The truce seemed in danger of dissolving on air this morning as Lunsford's attorneys insisted on correcting statements Clem and his fans have made about the case, including claims that Lunsford was at a bar drinking on the night convicted sex offender John Couey kidnapped Jessica -- a claim Lunsford's attorneys denied.
Block said Lunsford waited until the last possible to day to file notice with law enforcement of his intent to sue, noting citizens have three years to file such notice or give up their right to bring suit forever. Block said that Lunsford has always maintained he would not file a lawsuit if the Citrus County sheriff would admit they made mistakes in investigating Lunsford's case and help educate other law enforcement agencies on how to handle such cases better.
Lunsford's attorneys also said they have retained the services of noted pathologist Michael Baden, who appeared on HBO's series Autopsy, in an effort to prove that Jessica was alive for days after assailant John Couey kidnapped her -- indicating that a comprehensive police search might have discovered her.
Clem began airing pointed commentary about Lunsford in February, after he revealed plans to sue the Citrus Country Sheriff's Office over its handling of Jessica's case. The conflict came to a head Feb. 27 when Lunsford appeared on Clem's show and the shock jock let go a startling statement: ""You have to wait for your daughter to die before you can start raping money from people — I understand."
Later, Clem aired a slew of parody songs criticizing Lunsford and calls from fans raising questions about his efforts to raise funds for a charitable foundation established in Jessica's name. Lunsford and his attorneys accused Clem of feeding the controversy to build his show's ratings.

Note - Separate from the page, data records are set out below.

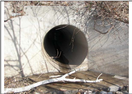
Zink #2042, 40", 1.27' above, Photo 1
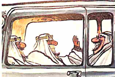
Why are these men smiling? Page 73
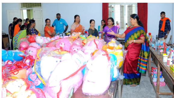
SALES DAY-NOT FOR EXHIBIT BUT FOR SALE
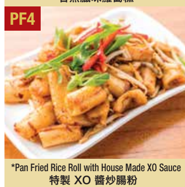
PF4 *Pan Fried Rice Roll with House Made XO Sauce 特製 XO 醬炒腸粉
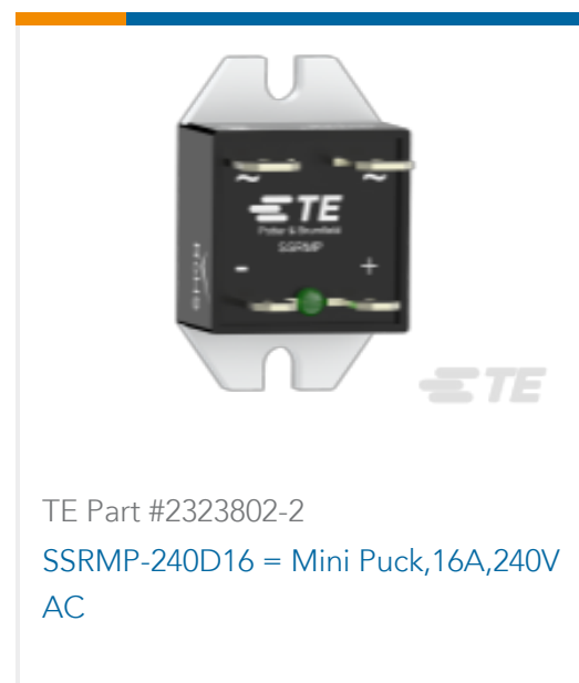
TE Part #2323802-2 SSRMP-240D16 = Mini Puck, 16A, 240V AC
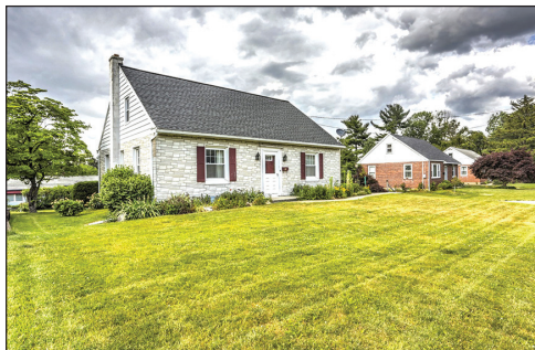
SOLID HOUSE * 3-BEDROOMS

3-BEDROOM 1.5-STORY HOUSE * LOW MAINTENANCE NEWER ROOF & VINYL WINDOWS * DETACHED GARAGE HARDWOOD FLOORING THRU-OUT * 2004 CADILLAC CTS THURSDAY, JULY 27, 2023 @ 6:00 PM
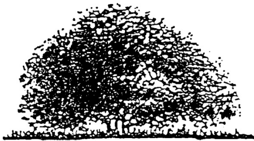
Chaparral Plant Before Pruning

Remaining plants, 4-ft or more in height, should then be cut and shaped into “umbrellas.” This means pruning one half of the lower branches to create umbrella-shaped canopies. This allows you to see and deal with what is growing underneath. Upper branches may then be shortened to reduce fuel load as long as the canopy is left intact. This keeps the plant healthy, and the shade from the plant canopy reduces weed and plant growth underneath. Non-woody vegetation that is under 4 feet in height, like coastal sage scrub, should be cut back to within 12 inches of the root crown.
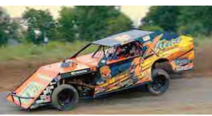
Photo Credit: Bill Griffith on the track at Montpelier Motor Speedway
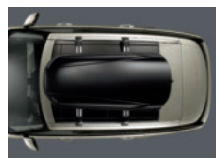
Luggage Carrier Flexible rack system to facilitate roof carrying. Maximum payload 75kg.
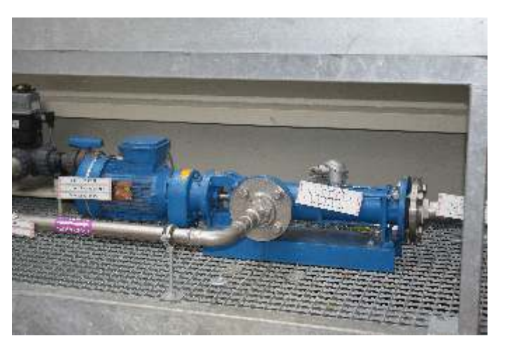
Allweiler® progressive cavity pump used as metering pump.
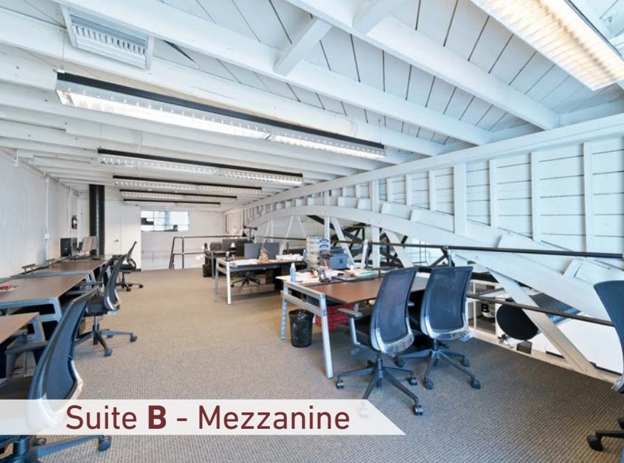
Suite B - Mezzanine
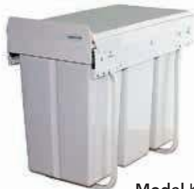
Model KRB32 3 x 10L buckets Size 270W x 480D x 420H (mm) closed
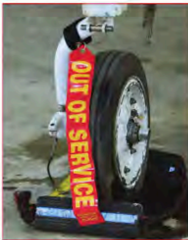
5811 Out of Service

Protect your investment with our Duty Safety Streamers. These feature Heavy-Duty nylon straps with brass gromets and genuine Velcro® for a secure attachment.
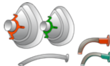
MASK, NPO, GUEDEL

FACE MASK NASOPHARYNGEAL AIRWAY GUEDEL AIRWAY CLASSIC LMA (cLMA) INTUBATING LMA (iLMA) eg : Fast Trach or AirQ
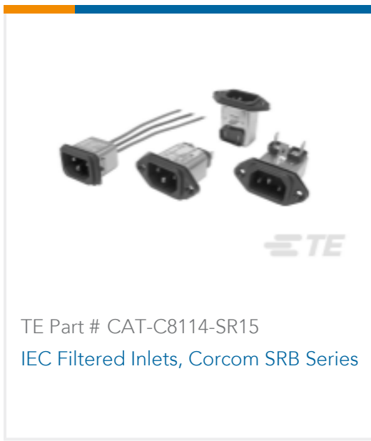
TE Part # CAT-C8114-SR15 IEC Filtered Inlets, Corcom SRB Series
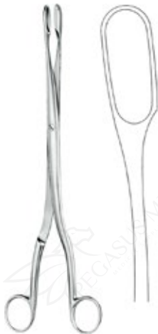
Obstetrics Ovum forceps, acc. to Winter, curved, N. 2
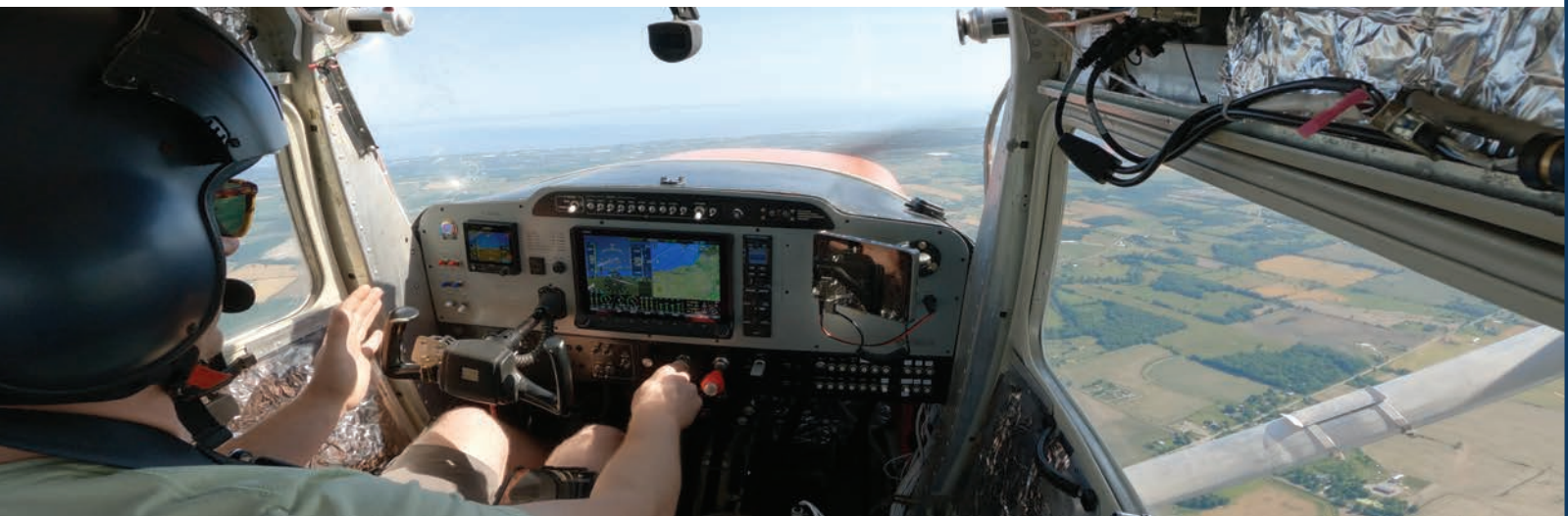
Ribbit flight testing their autonomous autopilot system.

—Marko Ilievski, staff robotics engineer at Ribbit
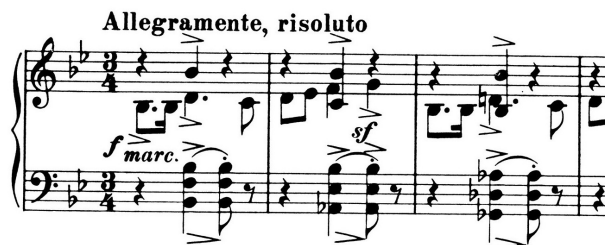
Example 1a. Free parallel fifths from the Mazurka op. 50, no. 4, mm. 1–3. Karol Szymanowski “Mazurkas | für Klavier | op. 50”. © Copyright 1926 by Universal Edition A.G., Wien. www.universaledition.com
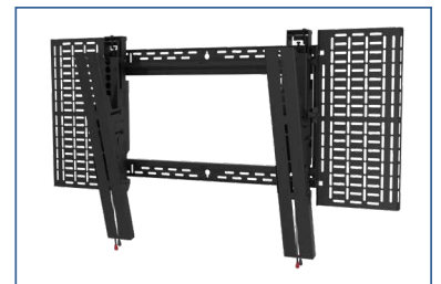
Shown with (2) optional ACC-UCM2 Universal AV Component Mounts
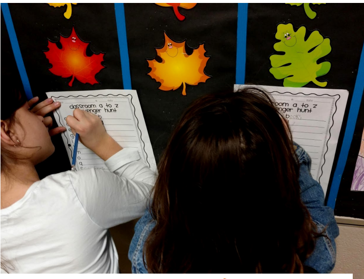
Alphabet Scavenger Hunt— Grades 1-6.
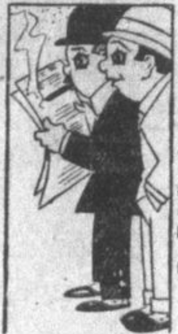
WOODEN A man's face is visible at 200 yards, but you can't distinguish his features. At 800 yards a man looks like a post. And some at less distance.
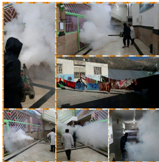
Disinfection measures at Ilam Prison

In Ilam Prison (Ilam Province), social distancing is not an option. The Salamat ward (Ward 1) holds about 40 people, with one shower and two toilets to be shared by them all. Ward 2 has about 40 beds to sleep 130 inmates who double up on single mattresses or sleep on the floor. Prison authorities did not appear to take the pandemic's hazards seriously. The process of releasing prisoners has been extremely slow. Though some prisoners with lighter sentences have been released, many of those prisoners eligible for leave are still in prison due in part to the absence of relevant officials. No effort has been made to raise awareness among prisoners about the coronavirus, and as of mid-March, guards were not wearing masks or gloves when circulating among the wards. 50
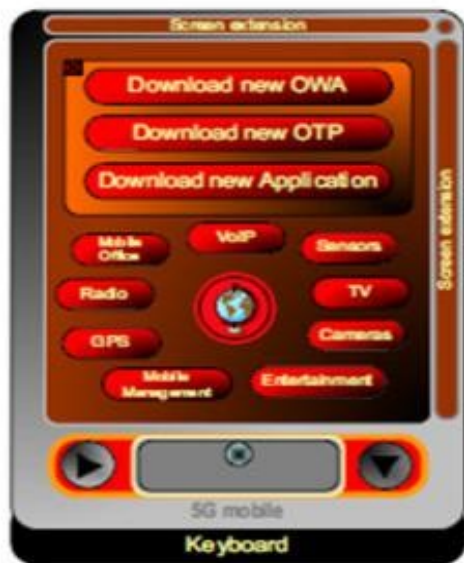
Fig. 3 5G mobile phone design

Fig.3 shows 5G mobile phone design. [12] 5G is being developed to accommodate the QoS and rate requirements set by forthcoming applications like wireless broadband access, Multimedia Messaging Service (MMS), video chat, mobile TV, HDTV content, Digital Video Broadcasting (DVB), [18] minimal services like voice and data, and other services that utilize bandwidth. The definition of 5G is to provide adequate RF coverage, more bits/Hz and to interconnect all wireless heterogeneous networks to provide seamless, consistent telecom experience to the user. [10,11]
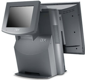
Shown: Independent customer display (6.5 VGA LCD) delivers customer information and digital, multi-media merchandising (optional)

IBM IR touchscreens are available as customer displays; and they are perceived as a service enhancement when used to engage shoppers with multimedia capabilities at the checkout counter.
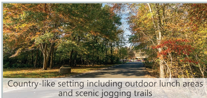
Country-like setting including outdoor lunch areas and scenic jogging trails
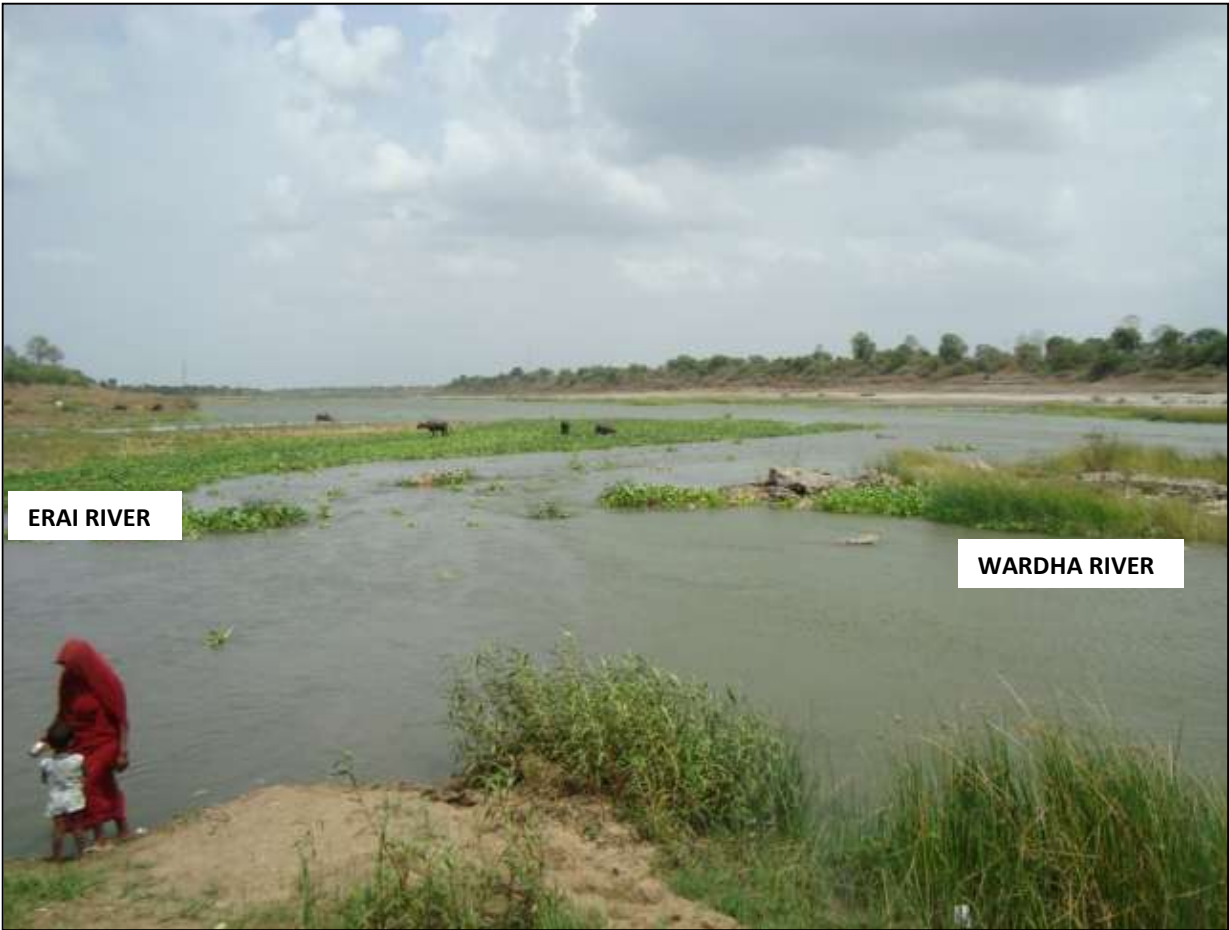
Figure 5: Confluence point of Erai & Wardha River at Village Hadasti
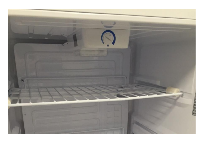
Freezer The temperature control is located outside in the rear of cabinet top left.

The temperature control is located inside the chamber top center.
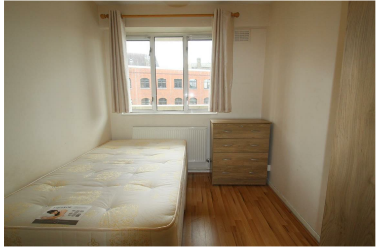
BEDROOM THREE VIEW
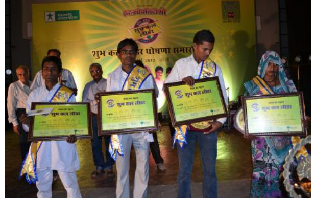
Winners of 'Kaun Banega Shubh Kal Leader'

The programme's success hinges on active engagement through various activities such
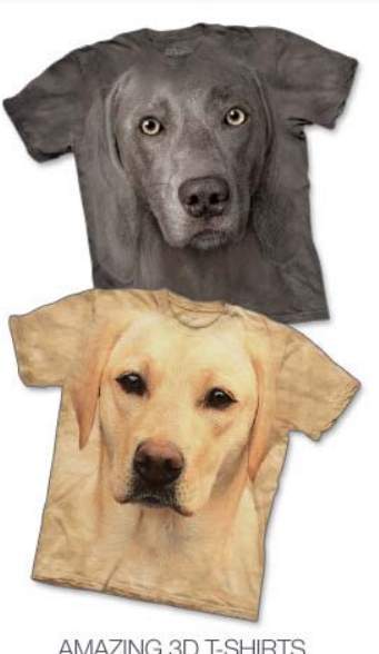
AMAZING 3D T-SHIRTS
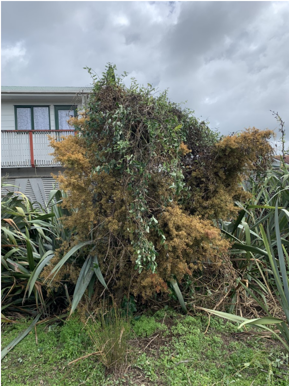
Totara dying as it is strangled by a moth plant

Don't forget to keep collecting over the school holidays. Make sure you cut the vines or pull them out at the roots. Remember our goal is to make the pods hard to find! Let's do our part to eliminate this terrible weed.
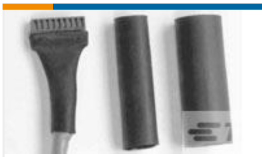
TE Part #7580142002 DWP-125-3/8-0-STK
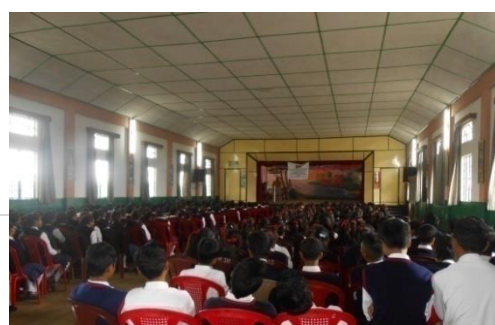
St. Peter's Higher Secondary School

In order to reach out to a large number of Children, the CHILDLINE NSSS is organising Outreach program for the students. The students were oriented on the significant role of
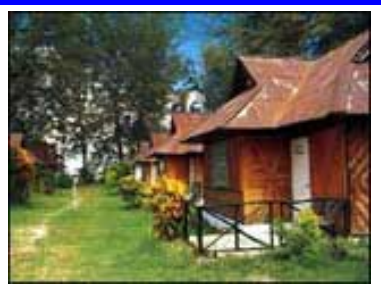
10 Tambon Saladan, Ko Lanta, Krabi

Lanta Island Resort is located on one of the most beautiful beaches on Lanta Island. The unspoiled nature of Southern Thailand truly awaits you at this tropical island paradise. The 99 bungalows of the Lanta Island Resort covers are area of 15 rai (almost 6 acres). The southern style bungalows are tastefully furnished with private balconies and breathtaking views of the Andaman sea. For you adventurous, excursions to nearby islands such as P.P., Hai, Rok, Muk, Ma and Morakot cave can be easily arranged.
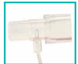
Sampling Line with integral airway adapter
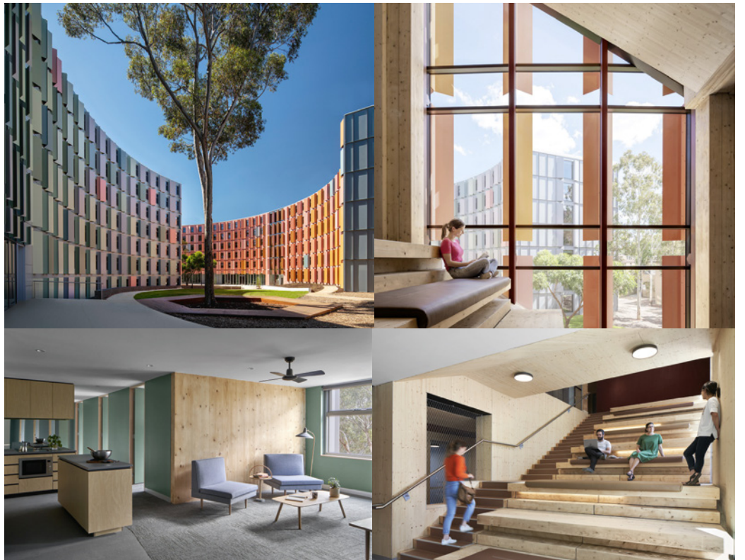
JCB Architects

This morning, Clem apologized for any insults he may have leveled at Lunsford's attorneys -- though he drew the line on comments he made about Lunsford personally. Clem credited his attorney Steve Diaco with talking to Block last week, developing discussions which let to this agreement.
"Maybe...all of us talking, we can all take a step back," said Clem. "Let's just all agree to disagree. I'm going to shut up, you're not going to file against the sheriff...for a common goal, so this doesn't happen again."